Eli5: Space X test launch

732 views

I’m kinda confused… I see the Space X test launch approaching and I’m just mind blown.

We went to the moon in 1969 ya? Why is it so difficult to re enact that? Why is SpaceX doing it and not NASA? I’ve seen/heard of a few unsuccessful test runs but I’m not super up to date with our space journeys. But don’t we have this technology/engineering capability?

I don’t mean to be arrogant but can someone explain it to me?

In: 0

28 Answers

Anonymous 0 Comments

The idea here is to make access to space massively cheaper, in this case to make colonising Mars affordable. The vehicles are designed to be fully reusable and to be cheaply mass-produced. Each rocket will launch many times so confidence can build up that it’s working well and reliably. In contrast, the Saturn V moon rocket was built in small numbers and everything had to be checked to be sure it was perfect before its first launch, making it very, very expensive. Then it was thrown away after that one launch.

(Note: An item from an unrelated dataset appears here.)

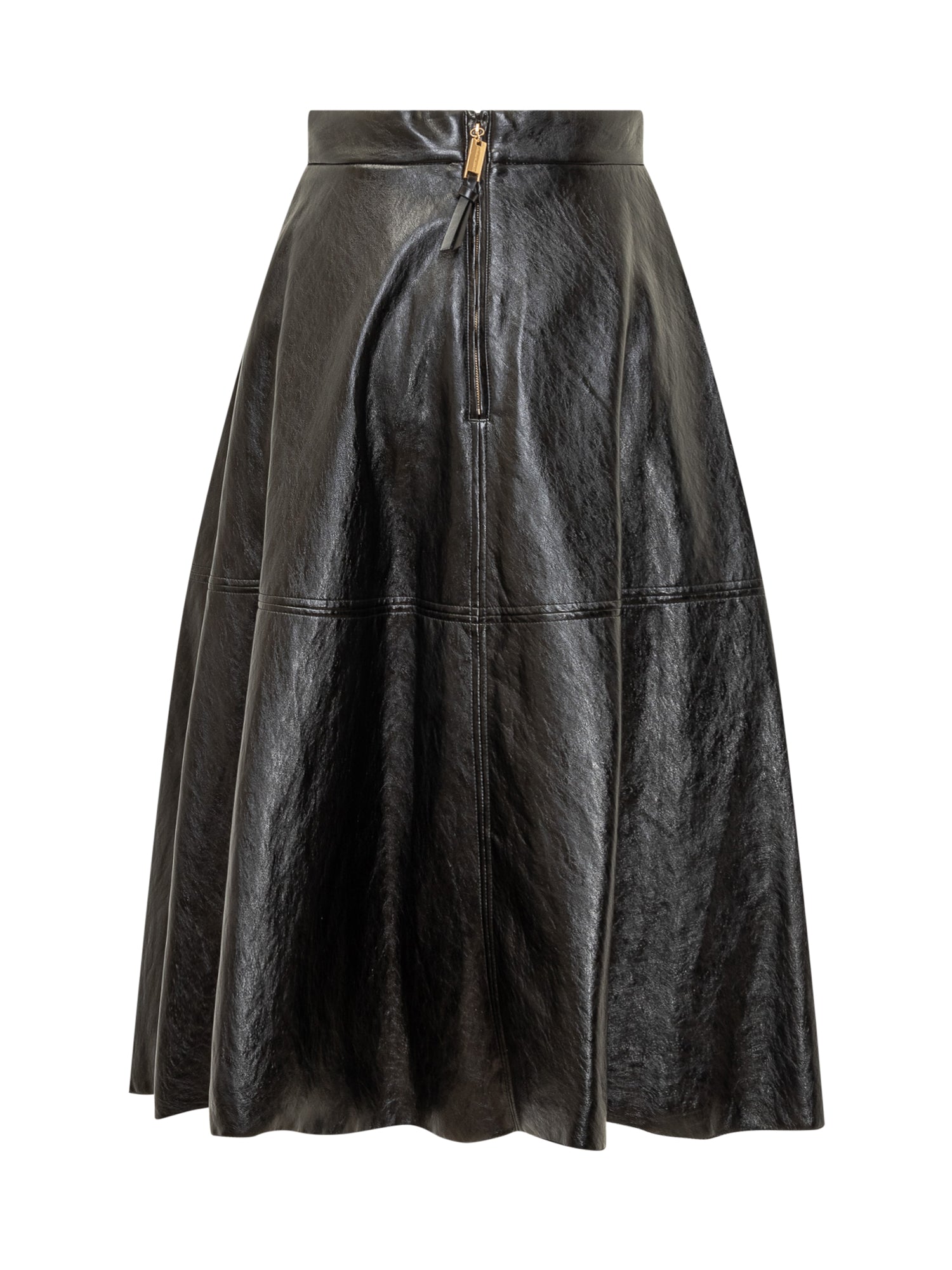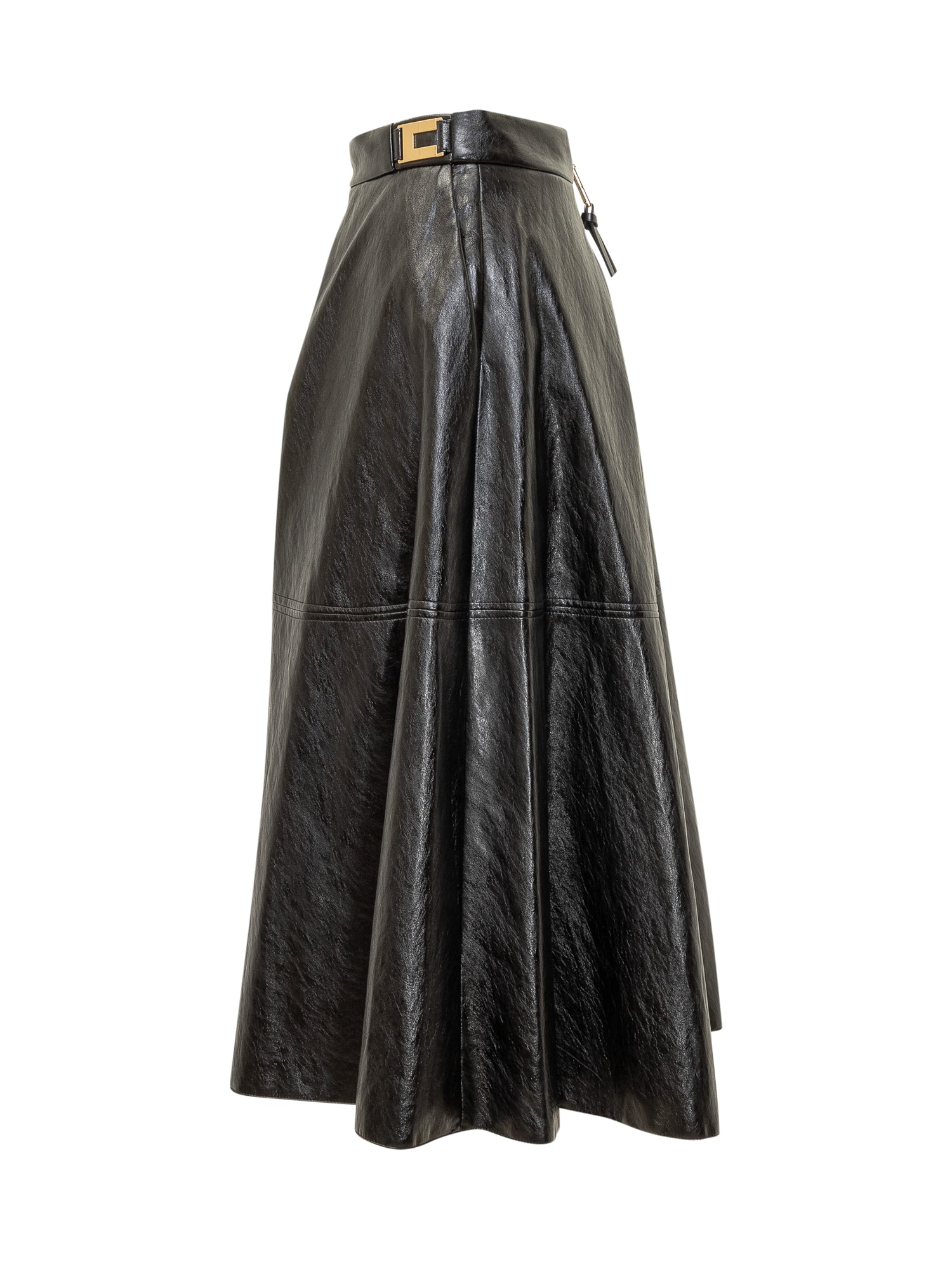 Gonna midi Elisabetta Franchi in ecopelle nera, a linea svasata con vita alta e cinturino decorato con maxi fibbie logo dorate.

NASA seems to have become conservative over the decades and was burned by its experience trying to build the Space Shuttle that was also supposed to be cheap by being reusable. SpaceX saw a different approach but couldn’t convince NASA or others and had to develop the technology themselves. A key strategy has been to take risks and learn by testing often, with frequent failures driving very fast development. NASA has grown to view testing failures as public relations disasters so they design everything to be perfect the first time. This makes for very conservative designs and extremely slow progress. SpaceX will change direction and redesign often but NASA will cling to old, dubious choices, often for political rather than engineering reasons.